Professor and Department Chair Tufts University Medford, Massachusetts, United States
Introduction: Hydrogels are water-swollen polymer networks that provide unique opportunities as separations modules, adhesives, and biomaterials. New hydrogel formulations are being developed every day, primarily for biomedical applications, where they are used as controllable bioactive environments to model cell-environment interactions and scale up tissue engineering toward hierarchical structures that cannot be efficiently produced with cells alone. These tissue-mimicking, 3D hydrogels are capable of modeling disease development and testing how cell-microenvironment interactions affect drug treatment efficacy. However, the 3D microenvironments introduce multifaceted design challenges, including simultaneously matching the stiffness, transport properties, and functional biochemical features of native tissue extracellular matrix. Prior work in the Peyton lab has established hydrogel formulations that match the stiffness and biochemical features of human tissues including brain, lung, and bone marrow, but solute transport effects in these hydrogels have not been investigated. Since synthetic polymer hydrogels typically have relatively homogeneous mesh sizes that are orders of magnitude smaller than those of gelatin, collagen, and Matrigel, they are likely much more restrictive to solute transport than those protein-based hydrogels, even when matching stiffness. Here, we use model-based, modular hydrogel design to investigate the role of microenvironment-restricted solute transport on hydrogel-encapsulated cell behaviors.
Materials and
Methods: Multi-arm, vinyl sulfone(VS)-terminated poly(ethylene glycol) (PEG) macromers were crosslinked with PEG-dithiol, matrix metalloproteinase (MMP)-degradable peptides, and pendant integrin-binding peptides to create cell-adhesive, biodegradable 3D hydrogel microenvironments. The number and length of arms per PEG-VS macromer were systematically varied to create hydrogels with equivalent shear modulus to a Matrigel hydrogel, measured by low-deformation force-indentation experiments. Gelation time was measured via rheology, and homogeneous gelation was confirmed via fluorescent peptide distribution and 3D microscopy of the distribution of gel-encapsulated HCC 1954 breast cancer cells. Solute transport through gels was measured using fluorescence recovery after photobleaching (FRAP) and transwell transport assays with a series of fluorescently tagged dextrans up to 150 kDa in size. Protein transwell transports assays using BSA and serum-containing media confirmed that solute restriction was not specific to dextrans.
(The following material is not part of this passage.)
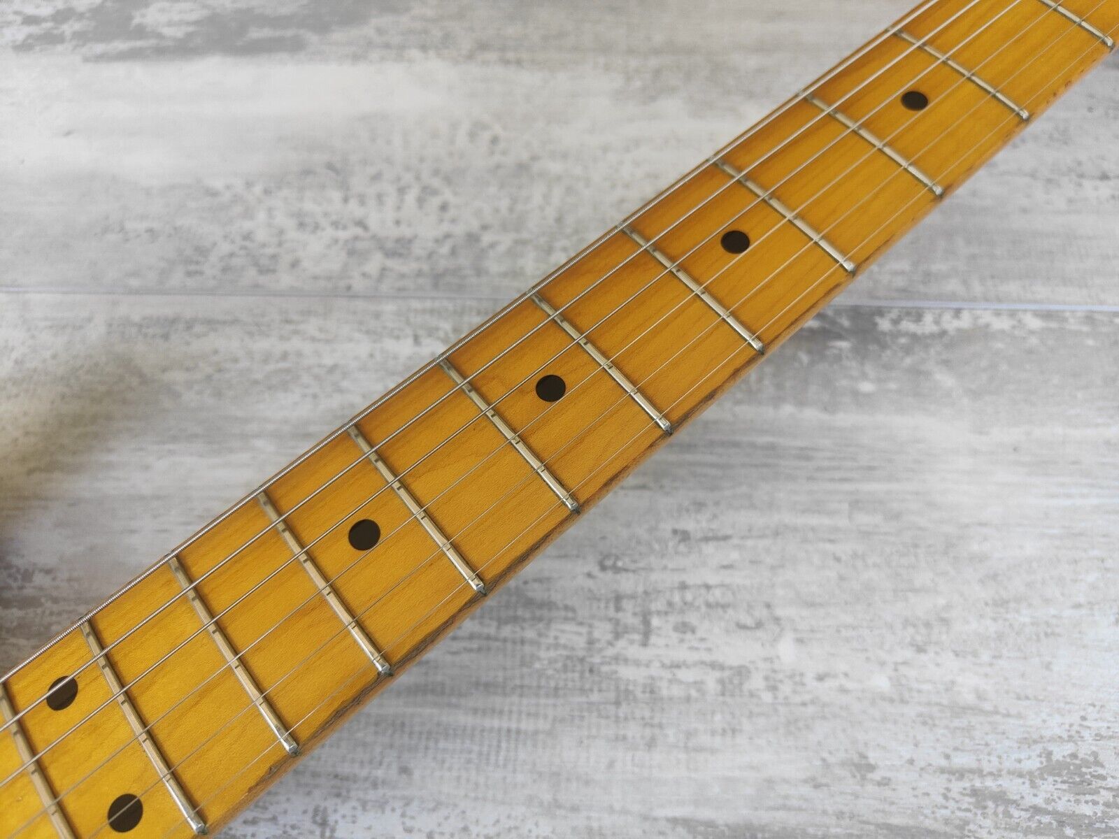 Made in Japan as part of the "Custom Edition" catalog in 1993, the ST57G-65 was a Fujigen built '57 reissue with some "custom shop" style factory upgrades. American Basswood body wearing a transparent "Charcoal Red" finish (Fender Japan's method for accentuating some of the grain), one-piece maple neck with a slim '57 profile (7.25" radius, 648mm scale length), it weighs 3.5kg's.

Results, Conclusions, and Discussions: PEG-VS hydrogels spontaneously crosslink in 30 minutes under pH-neutral, physiological conditions without cytotoxic catalysts, making them ideal for encapsulating stress-sensitive cell types. Incorporation of integrin-binding peptides and MMP-degradable peptides do not significantly alter hydrogel stiffness or solute transport properties. However, solute transport is greatly restricted in PEG hydrogels compared to Matrigel, especially for large solute such as cytokines, serum proteins, and antibodies. Access to serum proteins is critical for cell growth and survival, indicating that solute transport remains a limiting factor in the applicability of synthetic hydrogels to 3D encapsulation culture of cells, even after issues of heterogeneity, gelation conditions cytotoxicity, and stiffness matching are addressed. Further optimization of solute transport in hydrogels while keeping other cell-relevant properties unchanged requires insightful hydrogel design and further basic research into how to manipulate and measure solute transport within hydrogels. Structurally decoupling stiffness and solute transport within synthetic hydrogels using the swollen polymer network model (see hydrogeldesign.org) and introducing high-transport void spaces via granular hydrogels provide two distinct, exciting avenues for further designing hydrogels for 3D encapsulation cell culture. Refining hydrogel design for predictable and adaptive solute transport alongside stiffness, biocompatibility, and other cell-relevant properties will support 3D scaling of in vitro cancer modeling and tissue engineering as well as drug delivery applications.